BEGIN

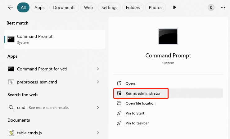 步骤1、在开始菜单的搜索框中键入【cmd】并选择以管理员权限运行。
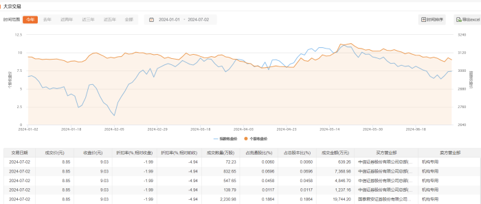 今日大宗交易成交3823.3万股,成交额3.38亿元,占当日总成交额的22.79%,成交价8.85元,较市场收盘价折价1.99%。
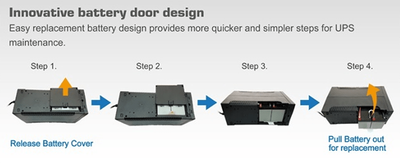 Experience hassle-free maintenance with the RPT-57xxDU series. The battery sliding door design allows for easy replacement, simplifying upkeep procedures. This convenient feature saves time and effort, ensuring your UPS is always ready to provide reliable power protection. Choose the RPT-57xxDU for a cost-effective, dependable power supply solution that safeguards your devices and prevents data loss during power failures.
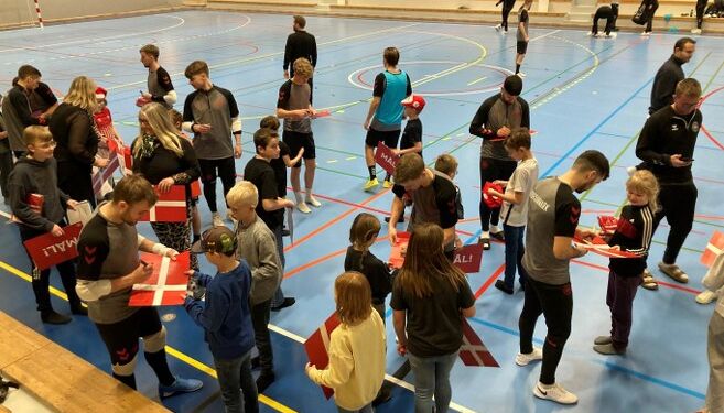 Senere på dagen besøgte en gruppe elever fra Lundergårdskolen landsholdets træning og fik autografer fra alle spillerne.
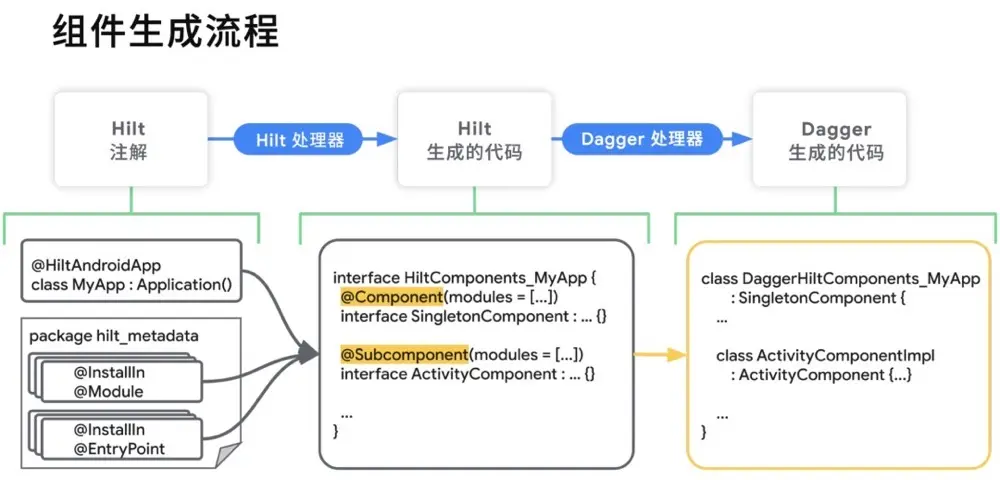 從這裏開始,Dagger 處理器接管並根據 @Component 和 @Subcomponent 註解生成組件的具體實現。如果您曾使用過 Dagger (不通過 Hilt),那麼大概率您已經直接處理了這些類。但是,Hilt 對開發者隱藏了這種複雜操作。

END

● What is being asked: The expected output is every line from the line where "Senere på dagen" appears to the final line of the material, unchanged and with no pictures.

● Written response:
 Senere på dagen besøgte en gruppe elever fra Lundergårdskolen landsholdets træning og fik autografer fra alle spillerne.
 從這裏開始,Dagger 處理器接管並根據 @Component 和 @Subcomponent 註解生成組件的具體實現。如果您曾使用過 Dagger (不通過 Hilt),那麼大概率您已經直接處理了這些類。但是,Hilt 對開發者隱藏了這種複雜操作。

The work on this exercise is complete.